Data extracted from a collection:
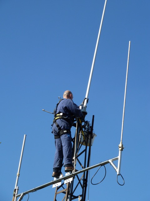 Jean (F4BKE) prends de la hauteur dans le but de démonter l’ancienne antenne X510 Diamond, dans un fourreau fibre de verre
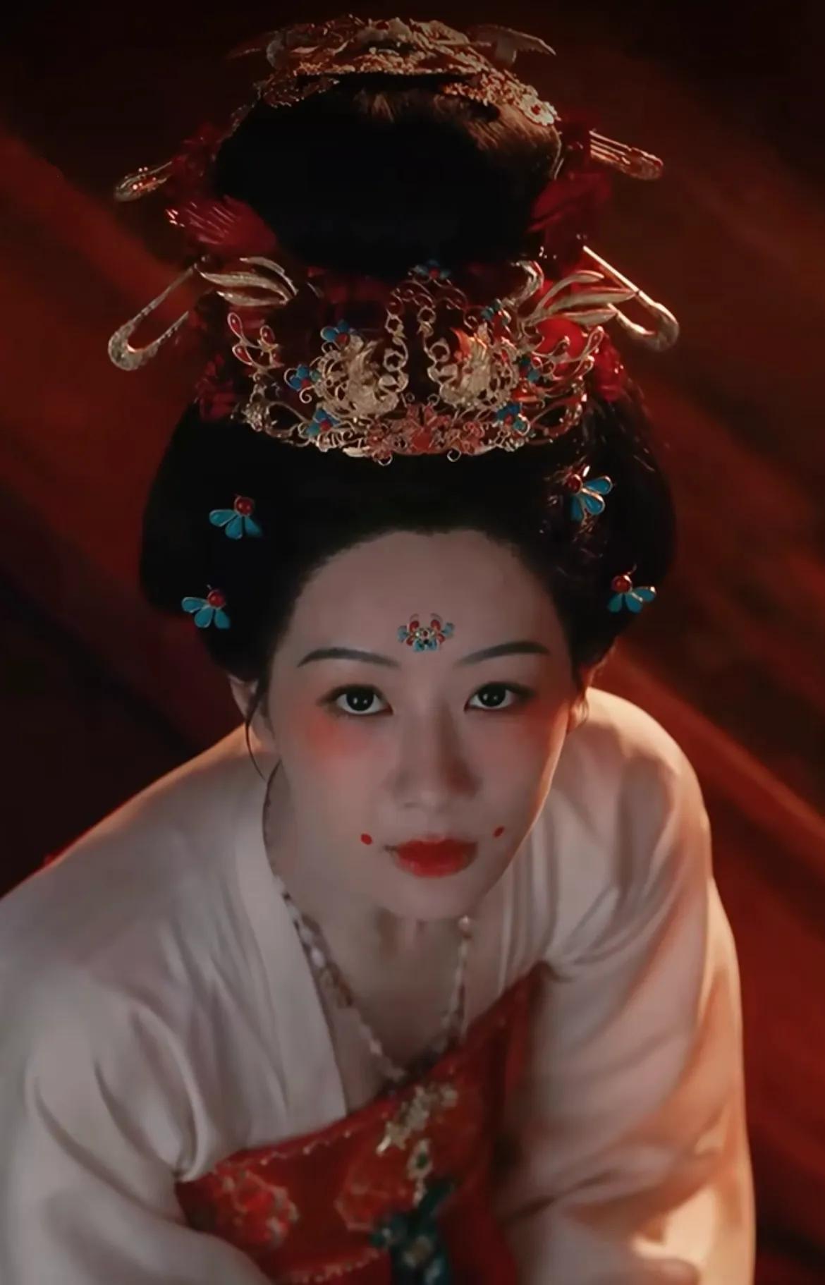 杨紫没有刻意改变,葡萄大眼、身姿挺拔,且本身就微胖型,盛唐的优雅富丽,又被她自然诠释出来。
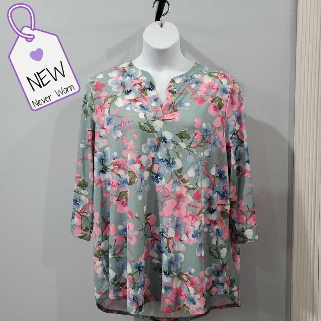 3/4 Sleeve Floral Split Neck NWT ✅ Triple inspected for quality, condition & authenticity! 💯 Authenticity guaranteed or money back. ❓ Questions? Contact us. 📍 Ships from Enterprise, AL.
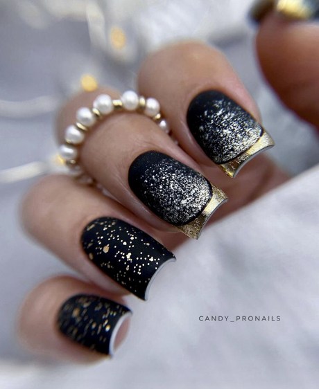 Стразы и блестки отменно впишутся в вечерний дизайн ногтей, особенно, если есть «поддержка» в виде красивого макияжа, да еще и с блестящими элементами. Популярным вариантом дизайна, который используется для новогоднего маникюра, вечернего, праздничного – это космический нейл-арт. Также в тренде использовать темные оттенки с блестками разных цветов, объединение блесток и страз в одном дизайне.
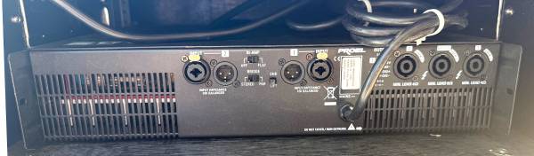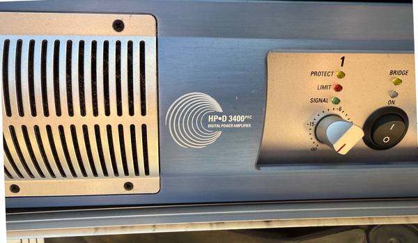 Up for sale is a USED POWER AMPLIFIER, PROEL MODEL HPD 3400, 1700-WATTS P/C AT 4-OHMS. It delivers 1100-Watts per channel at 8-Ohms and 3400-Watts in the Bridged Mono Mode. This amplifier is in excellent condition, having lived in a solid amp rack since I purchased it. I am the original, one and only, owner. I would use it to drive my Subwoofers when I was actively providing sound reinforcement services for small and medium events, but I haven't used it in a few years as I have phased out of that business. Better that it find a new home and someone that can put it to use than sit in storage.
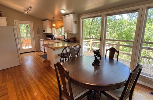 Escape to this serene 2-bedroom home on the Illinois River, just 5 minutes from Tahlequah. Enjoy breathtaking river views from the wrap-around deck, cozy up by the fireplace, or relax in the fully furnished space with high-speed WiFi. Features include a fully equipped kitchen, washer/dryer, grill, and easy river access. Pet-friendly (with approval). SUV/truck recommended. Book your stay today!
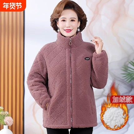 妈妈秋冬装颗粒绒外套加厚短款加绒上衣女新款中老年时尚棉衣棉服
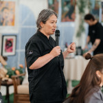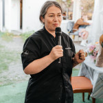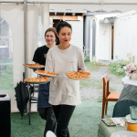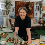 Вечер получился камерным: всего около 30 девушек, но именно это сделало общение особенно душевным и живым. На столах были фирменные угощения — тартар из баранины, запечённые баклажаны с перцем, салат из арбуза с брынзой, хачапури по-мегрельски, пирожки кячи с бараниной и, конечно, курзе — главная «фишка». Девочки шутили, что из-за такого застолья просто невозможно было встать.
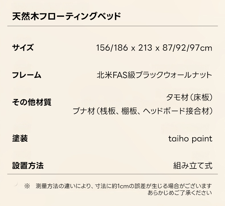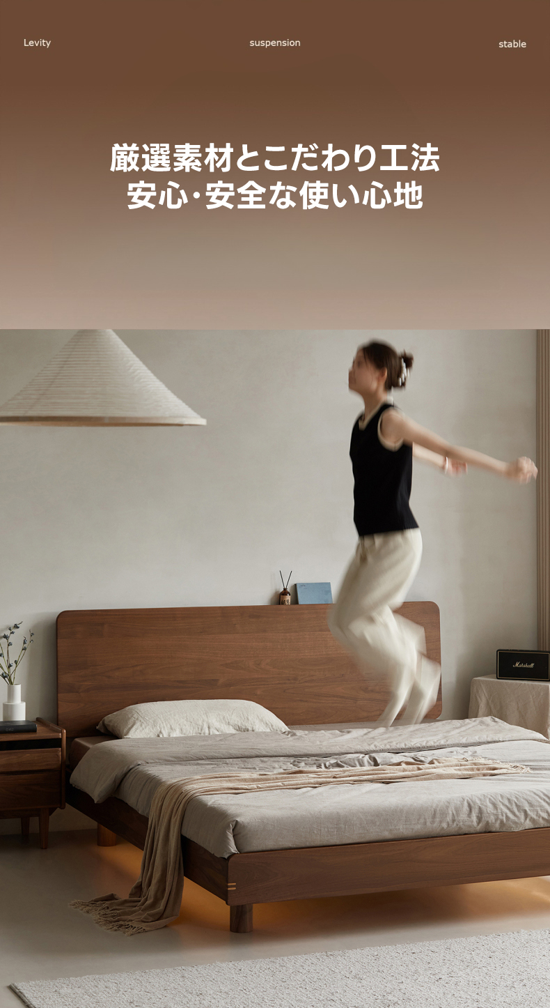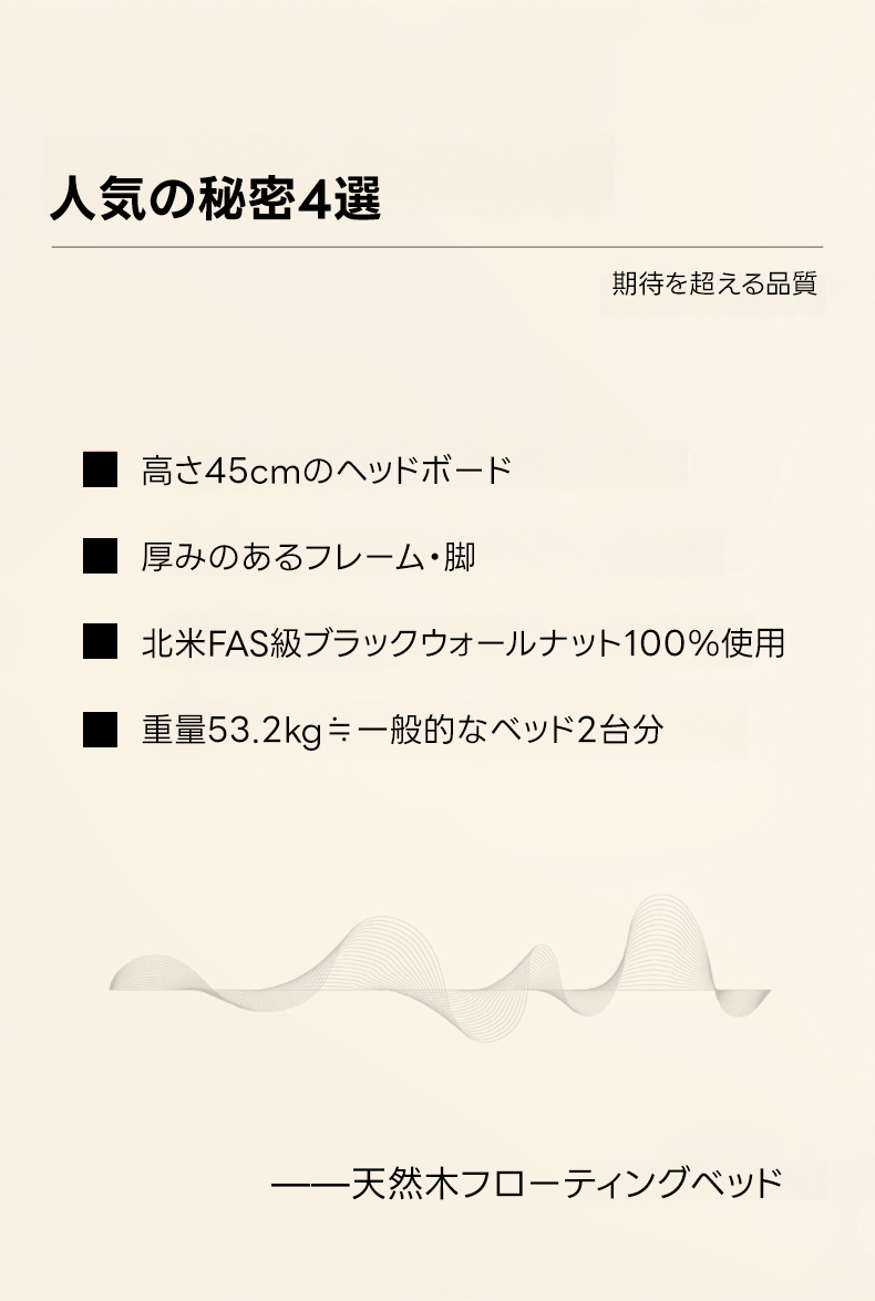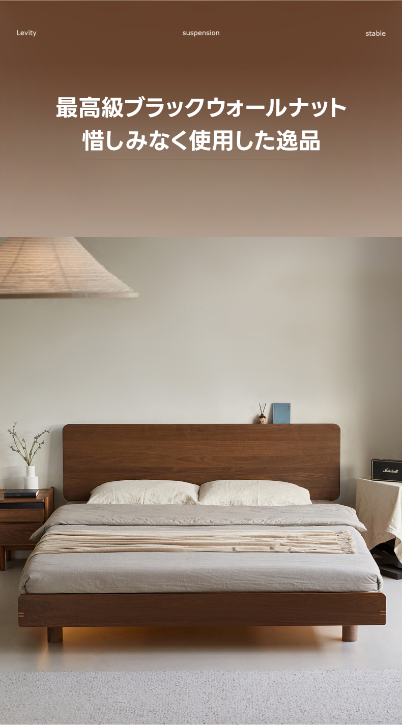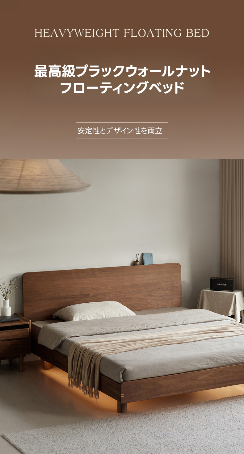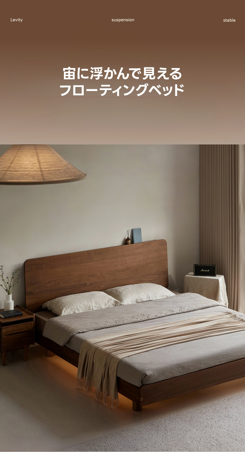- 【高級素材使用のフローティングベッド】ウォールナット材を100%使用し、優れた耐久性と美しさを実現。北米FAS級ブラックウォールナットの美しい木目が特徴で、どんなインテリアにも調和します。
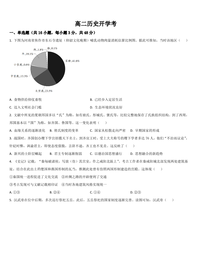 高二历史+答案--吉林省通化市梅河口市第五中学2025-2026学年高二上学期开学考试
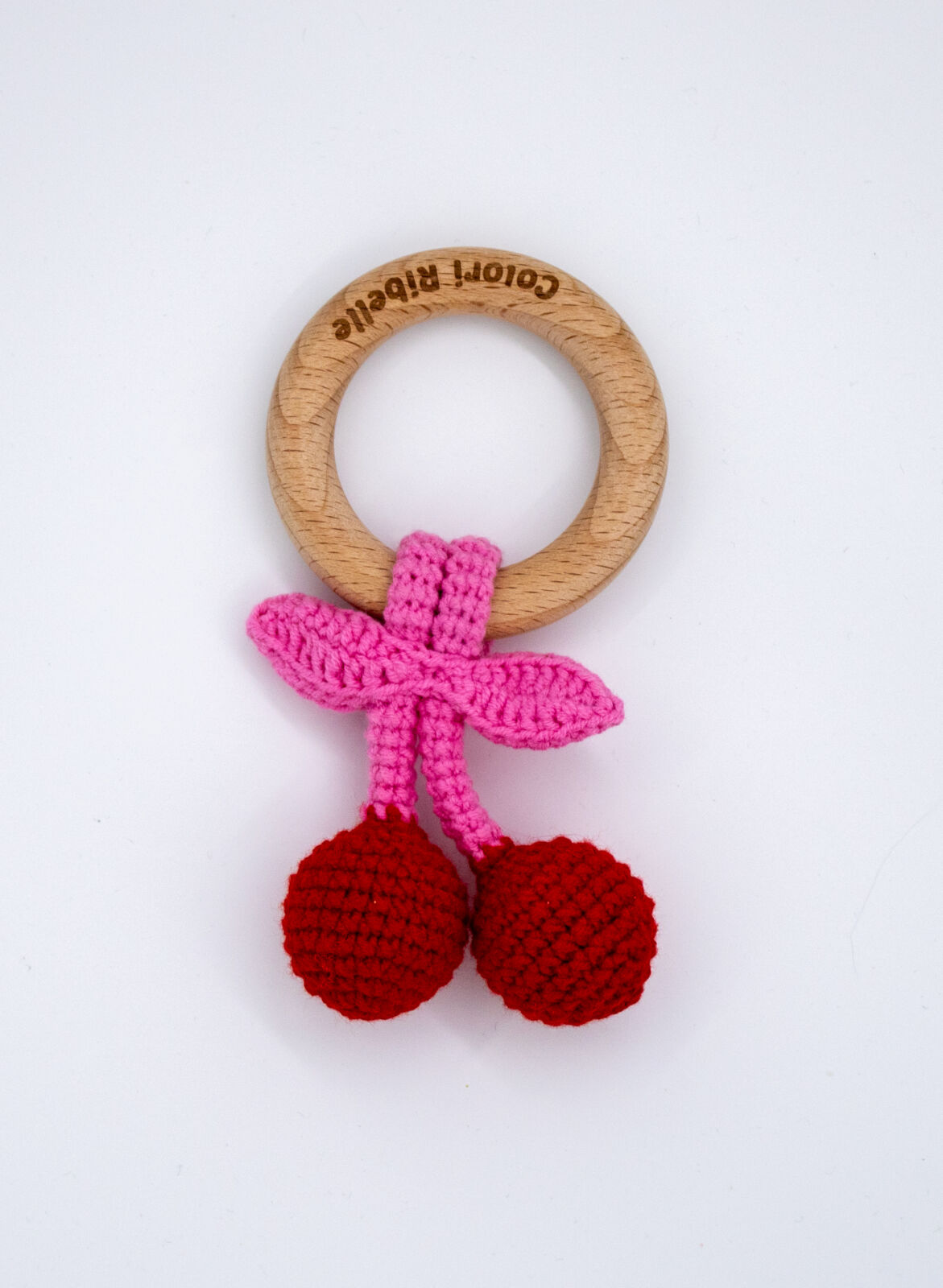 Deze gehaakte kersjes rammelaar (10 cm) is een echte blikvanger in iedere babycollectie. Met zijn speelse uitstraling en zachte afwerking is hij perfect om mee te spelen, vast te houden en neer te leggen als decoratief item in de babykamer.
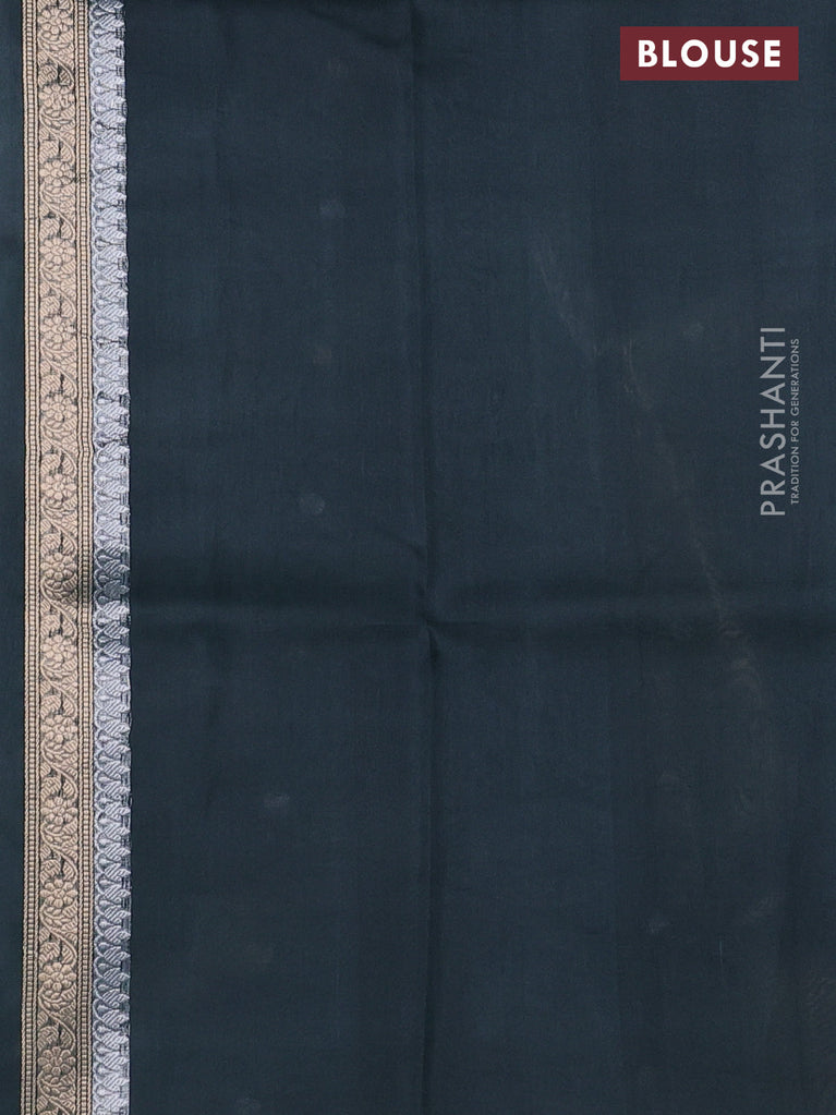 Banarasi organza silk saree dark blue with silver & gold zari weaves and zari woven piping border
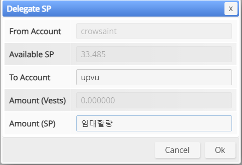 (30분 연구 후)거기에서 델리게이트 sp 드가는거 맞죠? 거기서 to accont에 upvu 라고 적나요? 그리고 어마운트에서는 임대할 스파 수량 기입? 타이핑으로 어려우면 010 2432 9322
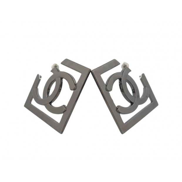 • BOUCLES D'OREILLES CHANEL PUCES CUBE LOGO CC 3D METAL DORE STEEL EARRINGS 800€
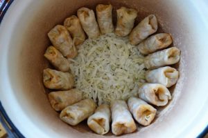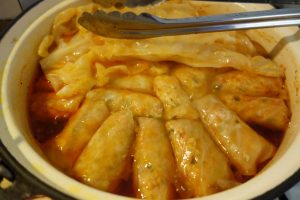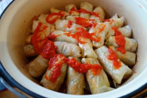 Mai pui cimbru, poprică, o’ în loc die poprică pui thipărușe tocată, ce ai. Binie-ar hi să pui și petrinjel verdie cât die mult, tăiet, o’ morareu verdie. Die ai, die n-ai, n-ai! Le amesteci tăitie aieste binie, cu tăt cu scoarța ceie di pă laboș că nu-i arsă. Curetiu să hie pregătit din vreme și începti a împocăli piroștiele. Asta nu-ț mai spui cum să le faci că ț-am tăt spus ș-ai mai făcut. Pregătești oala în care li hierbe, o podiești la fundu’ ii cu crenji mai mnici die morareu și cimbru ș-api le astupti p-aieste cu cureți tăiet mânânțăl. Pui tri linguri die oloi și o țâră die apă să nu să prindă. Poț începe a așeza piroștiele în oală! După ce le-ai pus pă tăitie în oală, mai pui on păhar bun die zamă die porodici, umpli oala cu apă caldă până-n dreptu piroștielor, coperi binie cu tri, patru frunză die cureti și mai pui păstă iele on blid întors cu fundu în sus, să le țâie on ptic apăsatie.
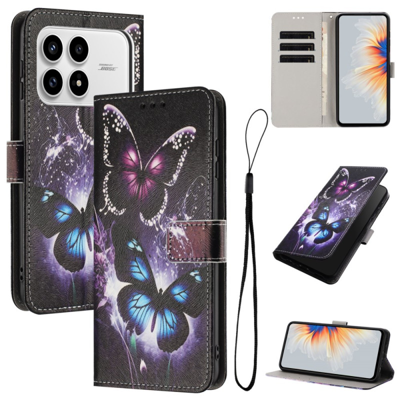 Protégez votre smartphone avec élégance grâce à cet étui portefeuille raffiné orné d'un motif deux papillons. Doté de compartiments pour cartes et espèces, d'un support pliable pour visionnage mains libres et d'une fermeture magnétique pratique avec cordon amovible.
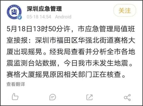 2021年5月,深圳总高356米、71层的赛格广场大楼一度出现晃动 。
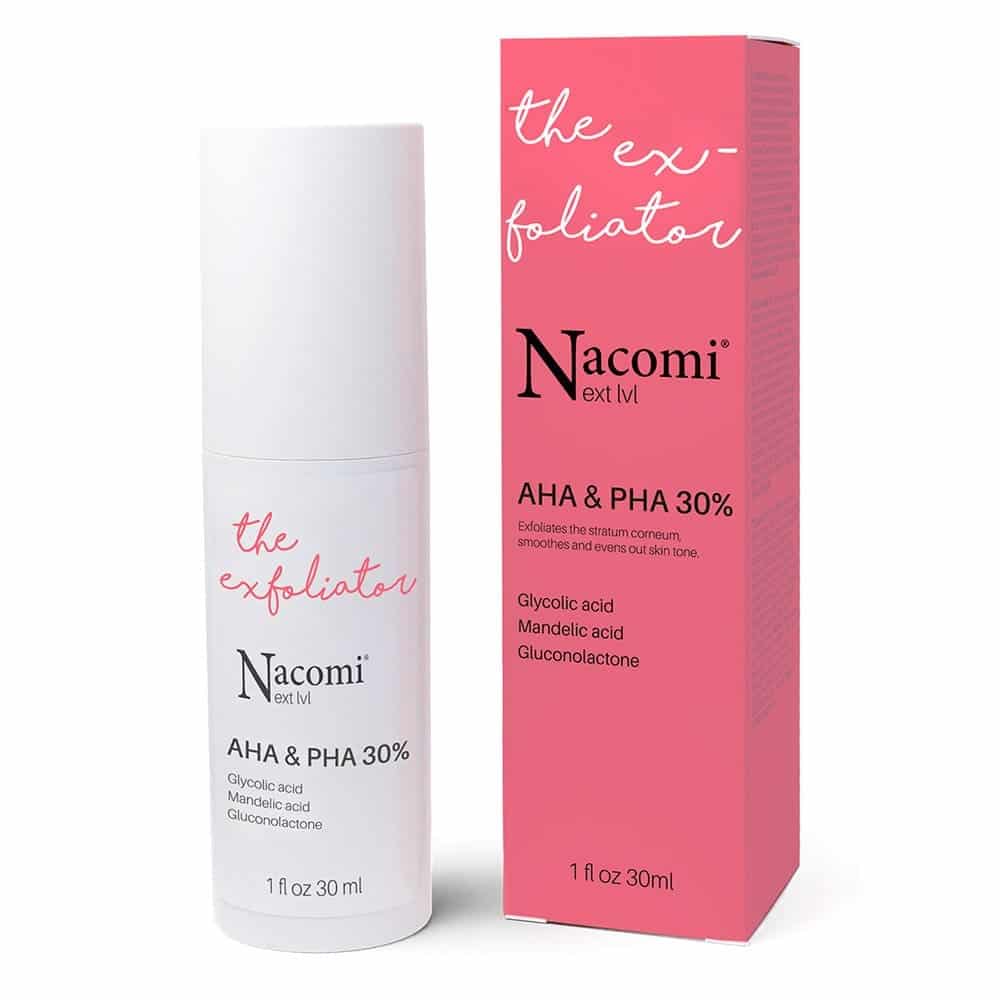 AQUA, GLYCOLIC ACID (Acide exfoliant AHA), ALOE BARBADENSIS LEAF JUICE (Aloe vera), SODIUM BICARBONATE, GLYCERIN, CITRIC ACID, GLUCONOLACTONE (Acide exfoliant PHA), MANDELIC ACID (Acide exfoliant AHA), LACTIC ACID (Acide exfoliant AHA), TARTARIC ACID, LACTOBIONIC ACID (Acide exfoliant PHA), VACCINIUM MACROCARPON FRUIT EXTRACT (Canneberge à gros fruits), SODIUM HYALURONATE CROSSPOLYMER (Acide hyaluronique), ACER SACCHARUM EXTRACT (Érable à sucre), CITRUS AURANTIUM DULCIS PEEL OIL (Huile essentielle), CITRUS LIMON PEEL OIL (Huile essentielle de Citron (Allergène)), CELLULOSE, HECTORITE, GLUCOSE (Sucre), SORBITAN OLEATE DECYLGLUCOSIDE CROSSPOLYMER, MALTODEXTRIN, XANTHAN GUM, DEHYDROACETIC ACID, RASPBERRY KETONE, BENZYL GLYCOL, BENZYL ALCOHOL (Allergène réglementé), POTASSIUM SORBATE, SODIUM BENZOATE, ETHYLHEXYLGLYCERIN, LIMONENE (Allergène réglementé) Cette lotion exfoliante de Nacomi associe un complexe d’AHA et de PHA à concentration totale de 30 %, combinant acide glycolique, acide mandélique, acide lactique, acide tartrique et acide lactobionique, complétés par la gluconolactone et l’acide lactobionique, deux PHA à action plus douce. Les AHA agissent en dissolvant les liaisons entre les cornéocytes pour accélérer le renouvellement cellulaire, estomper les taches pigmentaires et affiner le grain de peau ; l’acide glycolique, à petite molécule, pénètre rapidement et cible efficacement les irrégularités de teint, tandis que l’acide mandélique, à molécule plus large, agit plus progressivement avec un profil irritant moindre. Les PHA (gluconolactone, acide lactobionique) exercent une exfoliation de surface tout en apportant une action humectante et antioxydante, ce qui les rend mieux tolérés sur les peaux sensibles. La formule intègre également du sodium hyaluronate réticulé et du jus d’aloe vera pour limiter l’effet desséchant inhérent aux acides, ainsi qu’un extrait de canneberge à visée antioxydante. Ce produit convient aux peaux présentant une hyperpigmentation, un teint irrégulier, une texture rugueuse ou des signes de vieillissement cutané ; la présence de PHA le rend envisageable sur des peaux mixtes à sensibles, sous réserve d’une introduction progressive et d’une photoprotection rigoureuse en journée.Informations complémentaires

Exercise objective >> Write down exactly what the lines above say, from the line holding "Вечер получился камерным: всего" through the line holding "- 【高級素材使用のフローテ", and nothing more. Do not copy the pictures.

Exercise output >>
 Вечер получился камерным: всего около 30 девушек, но именно это сделало общение особенно душевным и живым. На столах были фирменные угощения — тартар из баранины, запечённые баклажаны с перцем, салат из арбуза с брынзой, хачапури по-мегрельски, пирожки кячи с бараниной и, конечно, курзе — главная «фишка». Девочки шутили, что из-за такого застолья просто невозможно было встать.
- 【高級素材使用のフローティングベッド】ウォールナット材を100%使用し、優れた耐久性と美しさを実現。北米FAS級ブラックウォールナットの美しい木目が特徴で、どんなインテリアにも調和します。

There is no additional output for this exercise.